- **Goal of the exercise**
In the records below, find the line with "Что такое wellness", then copy each line exactly until you have copied the line with "EFPとはEstill Figure Proficiencyの略で、Estill". Leave any picture out.

- **Data section**
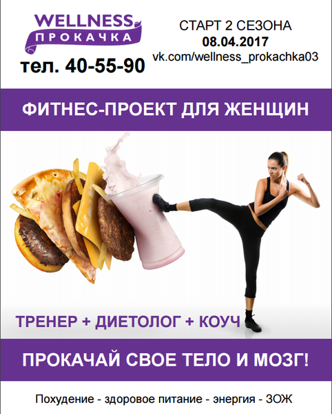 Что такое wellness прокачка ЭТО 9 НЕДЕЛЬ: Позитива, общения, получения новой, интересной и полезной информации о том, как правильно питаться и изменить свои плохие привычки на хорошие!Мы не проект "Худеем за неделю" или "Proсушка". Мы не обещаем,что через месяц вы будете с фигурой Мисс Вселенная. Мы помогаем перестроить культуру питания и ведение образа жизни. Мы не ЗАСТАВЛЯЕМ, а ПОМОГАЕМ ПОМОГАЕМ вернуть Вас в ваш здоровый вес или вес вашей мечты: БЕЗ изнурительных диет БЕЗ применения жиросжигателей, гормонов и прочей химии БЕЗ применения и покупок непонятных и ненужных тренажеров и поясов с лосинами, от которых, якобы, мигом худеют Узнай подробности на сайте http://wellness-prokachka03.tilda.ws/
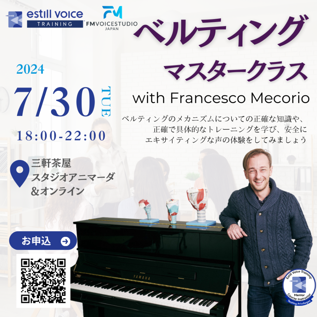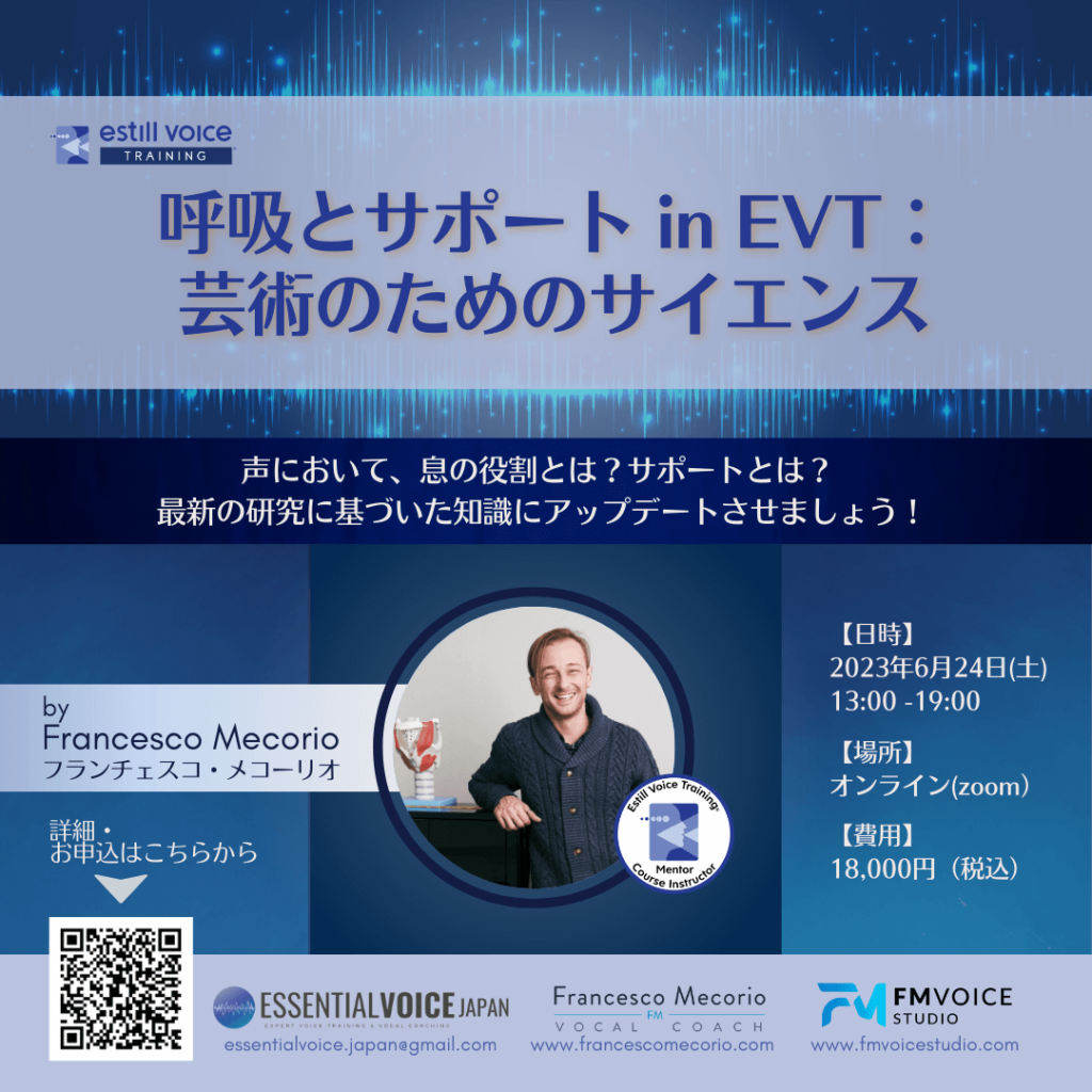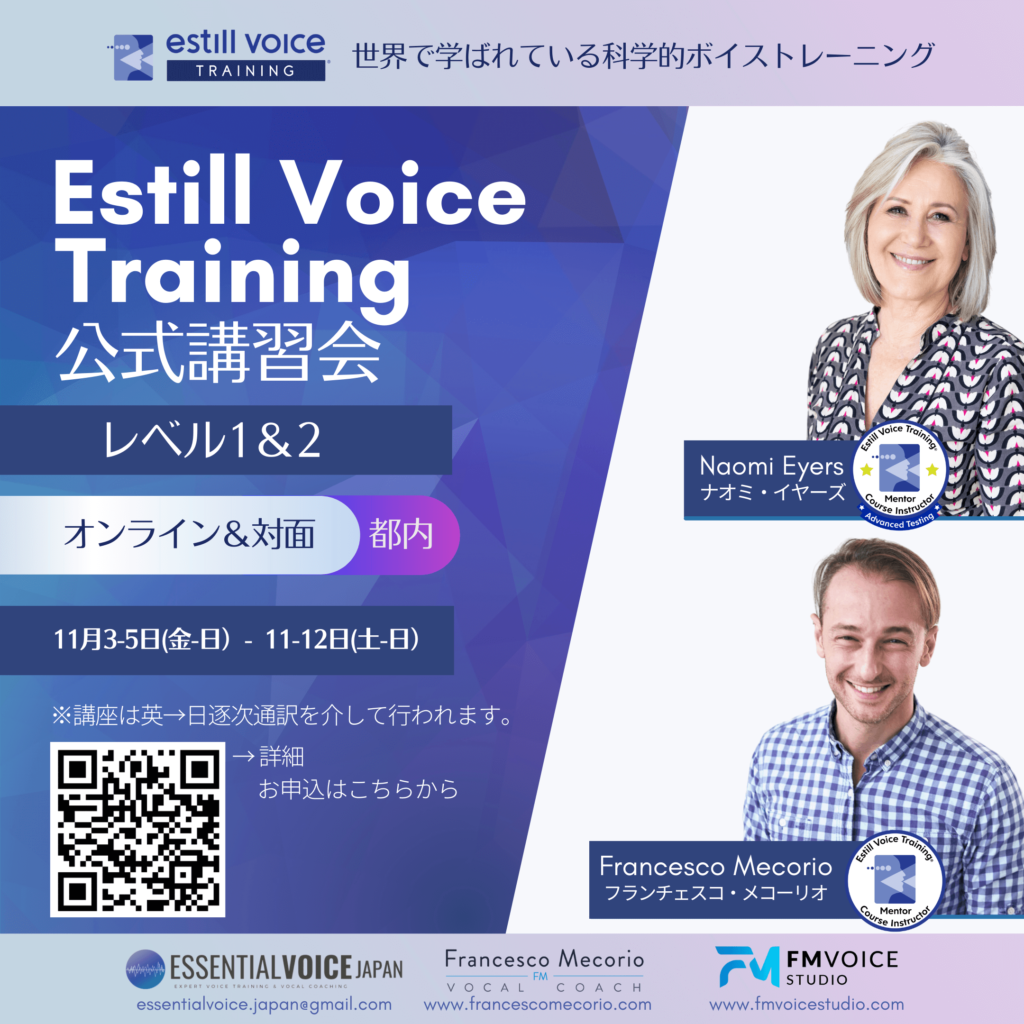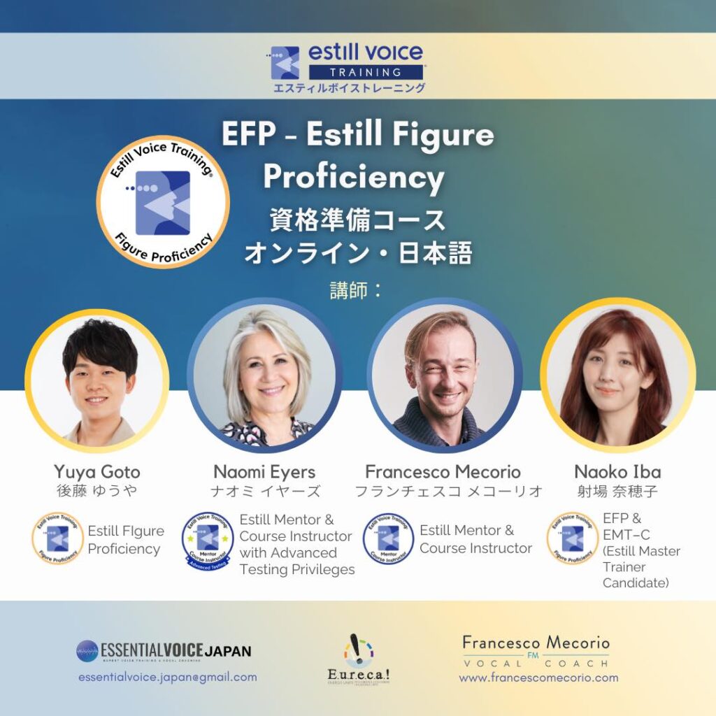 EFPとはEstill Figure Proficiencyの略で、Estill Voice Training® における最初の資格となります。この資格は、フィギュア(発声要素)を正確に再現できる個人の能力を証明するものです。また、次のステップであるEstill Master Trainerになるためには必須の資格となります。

==

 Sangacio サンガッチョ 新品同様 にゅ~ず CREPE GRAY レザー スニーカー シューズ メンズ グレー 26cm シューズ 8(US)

- **Reply**
 Что такое wellness прокачка ЭТО 9 НЕДЕЛЬ: Позитива, общения, получения новой, интересной и полезной информации о том, как правильно питаться и изменить свои плохие привычки на хорошие!Мы не проект "Худеем за неделю" или "Proсушка". Мы не обещаем,что через месяц вы будете с фигурой Мисс Вселенная. Мы помогаем перестроить культуру питания и ведение образа жизни. Мы не ЗАСТАВЛЯЕМ, а ПОМОГАЕМ ПОМОГАЕМ вернуть Вас в ваш здоровый вес или вес вашей мечты: БЕЗ изнурительных диет БЕЗ применения жиросжигателей, гормонов и прочей химии БЕЗ применения и покупок непонятных и ненужных тренажеров и поясов с лосинами, от которых, якобы, мигом худеют Узнай подробности на сайте http://wellness-prokachka03.tilda.ws/
 EFPとはEstill Figure Proficiencyの略で、Estill Voice Training® における最初の資格となります。この資格は、フィギュア(発声要素)を正確に再現できる個人の能力を証明するものです。また、次のステップであるEstill Master Trainerになるためには必須の資格となります。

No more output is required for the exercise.